パッケージは『Dive1』と『Dive2』の分割2部構成(+ファンディスクの『DiveX』)。ただ残念ながら開発元の戯画がエロゲー制作から撤退してしまったためダウンロード版は販売終了しています。CS版も販売されていないため、中古のパッケージ版しか選択肢がないのがネックでしょうか。
一応Steamでも配信されていますが、音声以外は日本語対応していません。なんで?

『装甲悪鬼村正』(Nitroplus 2009年)

ブランドジャンル発売日
ニトロプラススラッシュダークADV2009.10.30

戦後の日本のような架空の国・大和を舞台に、魂が宿る鎧・劔冑(つるぎ)をまとった武者たちが戦いを繰り広げる和風バトル作品。
練り込まれた世界観や劔冑の設定は非常に重厚で読みごたえがあります。特に「劔冑」に関してはロボットと鎧の中間のような設定が絶妙。
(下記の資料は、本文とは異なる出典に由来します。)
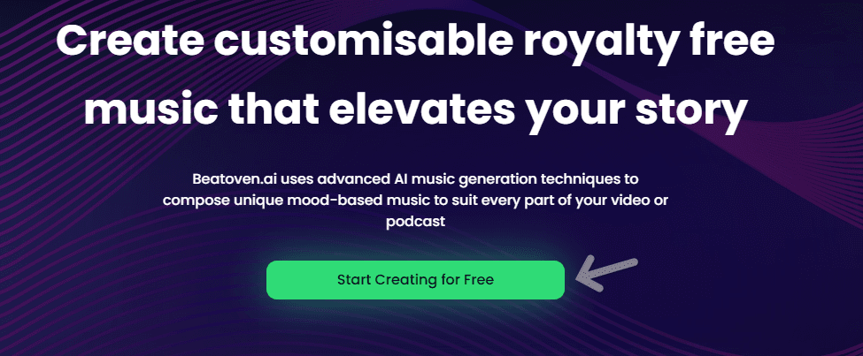 進入 Beatoven 網站,點選 “Start Creating for Free”。
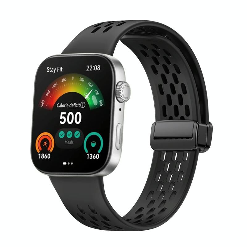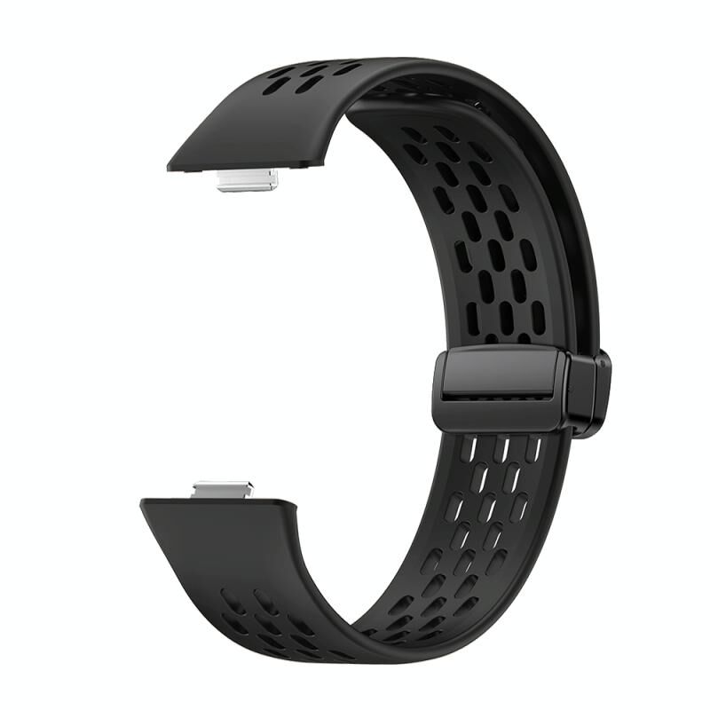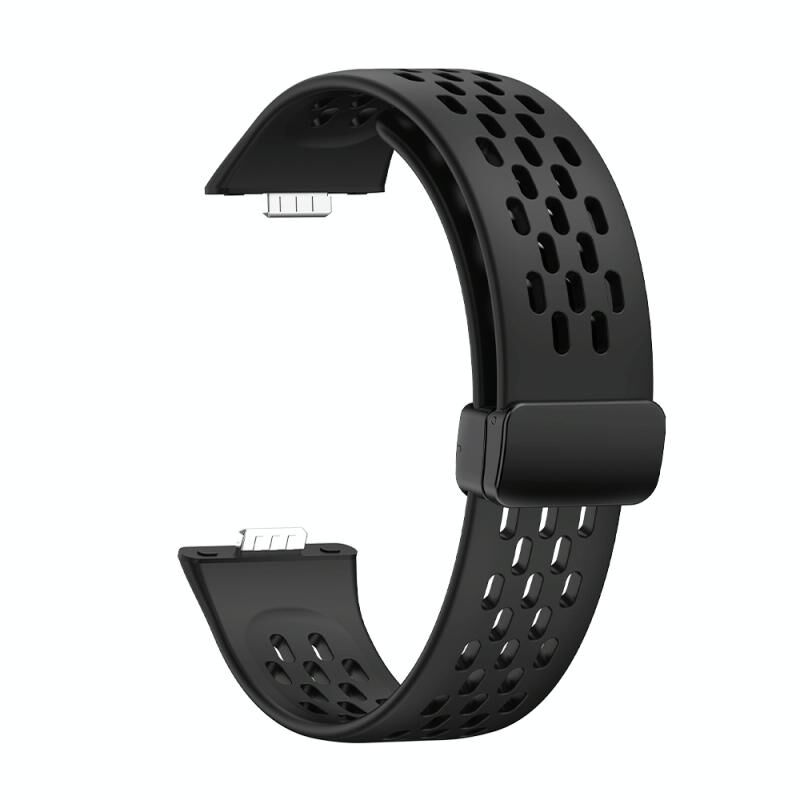 For Huawei Watch Fit 4 Pro / Fit 4 / Fit 3 Hole Style Magnetic Folding Black Buckle Silicone Watch Band(Black)
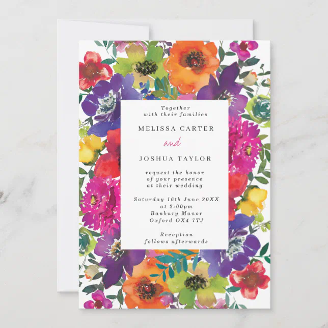 Fun Bright Bold Color Watercolor Floral Wedding Invitation | Zazzle
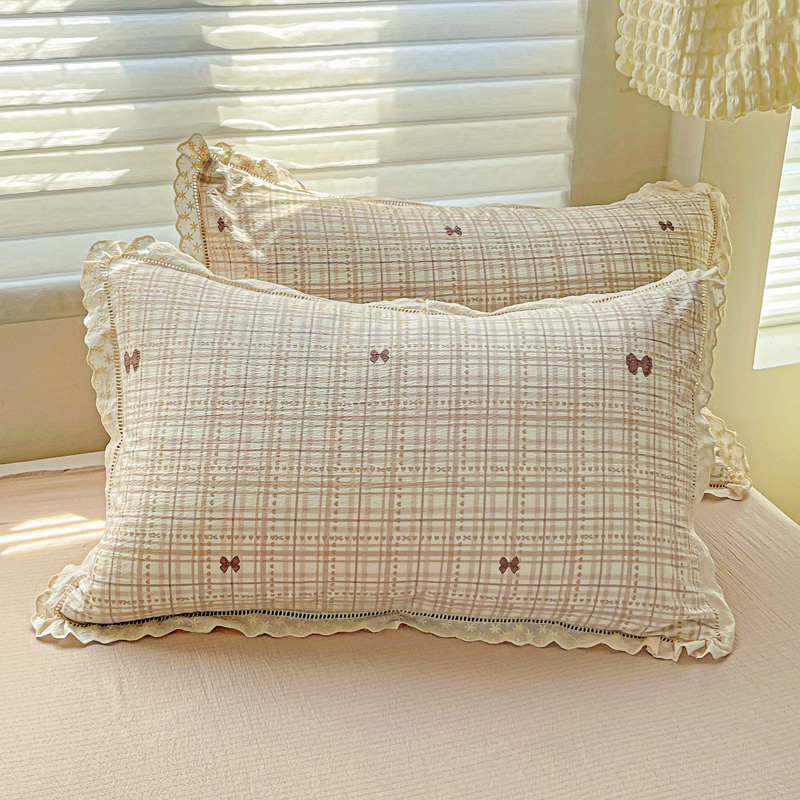 金梦拉家纺 2025新款提花纱布皱皱纱枕套(全棉镂空花边款) 萌萌兔
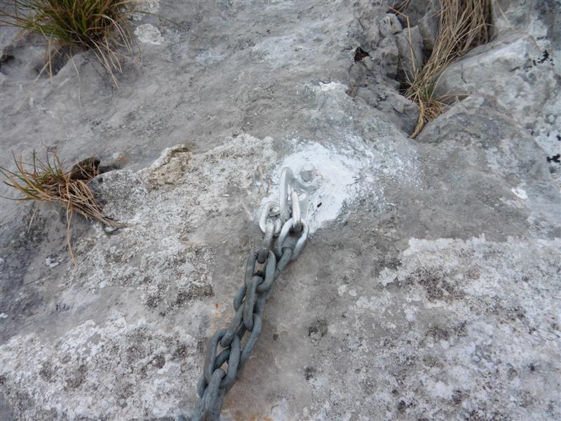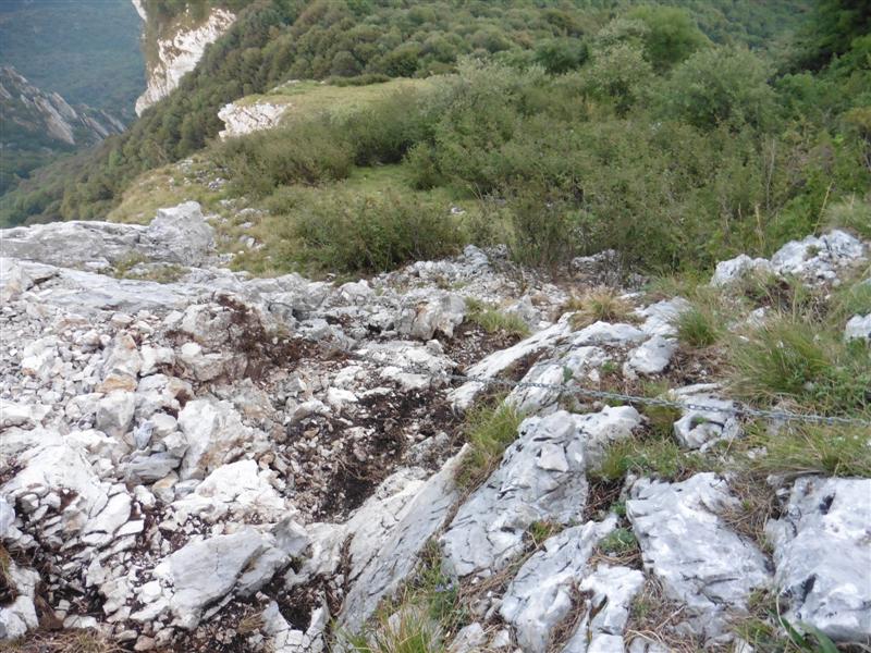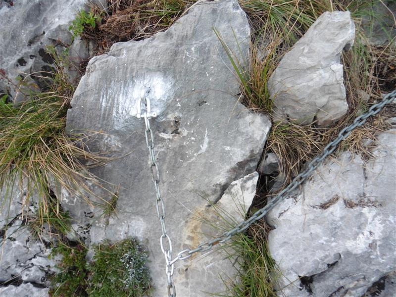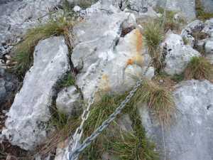 “In pratica – prosegue Morandini – il nuovo tratto si svolge su roccia più solida e con un brevissimo traverso, creato ad hoc, si ricongiunge con il vecchio percorso. La variante è indicata con una grossa freccia rossa. Resta comunque parecchio materiale mobile, pietre e sfasciumi, sopra al traverso, dunque occorre attenzione. Del resto tutto il versante Est del Corno Centrale è caratterizzato da un terreno friabile”.

特に武者同士の手に汗握る熱い戦いや、複数の組織や人物の思惑が複雑に絡み合うストーリー展開、「どうしてこうなった…」と思わざるを得ない救いのない結末など、物語として非常に魅力的。
『これは英雄の物語ではない』というキャッチコピーが示す通り、単なる勧善懲悪ではないダークヒーローものともいえる物語です。

物語が非常に長大で読むのに時間がかかる作品ですが、内容が濃密なため一度読み出したら止まりません。のめり込んでいるうちにいつの間にか朝になっていた、ということが普通にあり得えます。
あと小野正利さんの歌う主題歌『MURAMASA』がメチャメチャ熱いので必聴です。


さすがに過去の名作を選ぶとなると、どれを入れてどれを外すのかかなり迷いました。
「あれが入ってないのはおかしい」という意見もあるでしょうが、今回はとりあえず個人的な思い入れも含めてこの10作品ということで。
ジャンル的には泣きゲーが5つ、萌えゲーが1つ、燃えゲーが4つといった感じでしょうか。君望って泣きゲーに入るのかな?
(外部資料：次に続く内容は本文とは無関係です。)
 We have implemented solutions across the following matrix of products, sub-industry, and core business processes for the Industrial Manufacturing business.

もちろん今回紹介した作品以外も有名作品はたくさんあります。
SFも取り入れたファンタジーSRPG『うたわれるもの』(Leaf 2002年)
やり込み度抜群の『RanceⅥ-ゼス崩壊-』(アリスソフト 2004年)や『戦国ランス』(2006年)といったランスシリーズ
ヒロイン全員個性が強すぎる『つよきす』(きゃんでぃそふと 2005年)
メインヒロインは月のお姫様『夜明け前より瑠璃色な』(オーガスト 2005年)
全編アニメーションの意欲作『SCHOOL DAYS』(オーバーフロー 2005年)
爽やか感動ストーリー『ショコラ』(戯画 2003年)『パルフェ』(2005年)『この青空に約束を―』(2006年)のいわゆる”まるねこ3部作”
学園ロックバンドストーリー『キラ☆キラ』(OVERDRIVE 2007年)
”魔王”との頭脳戦が熱い『G線上の魔王』(あかべぇそふとつぅ 2008年)
池袋っぽい街で繰り広げられる群像劇『俺たちに翼はない』(Navel 2009年)
などなど、挙げだしたらキリがありません。

中にはシステムが古くてプレイしにくかったり、FANZAのような大手配信サイトで18禁版がDL販売されていないものもありますが、この辺の作品をプレイしていればとりあえず古参ぶることはできるかと(笑

もちろんエロゲーオタクだからといって必ずしも古い作品をプレイすべきとは思いません。
ただ最新作をプレイしていても「あ、これはあの作品に影響されてるな」みたいなことを感じることが結構あるので、過去の名作をプレイしておいて損はないはず。

なにより20年近く語り継がれる作品なわけですから、その面白さは折り紙つき。
レビューサイトや感想サイトも山のようにありますし、多くの人に感動を共有してほしい作品たちなので、ぜひプレイしてみてください。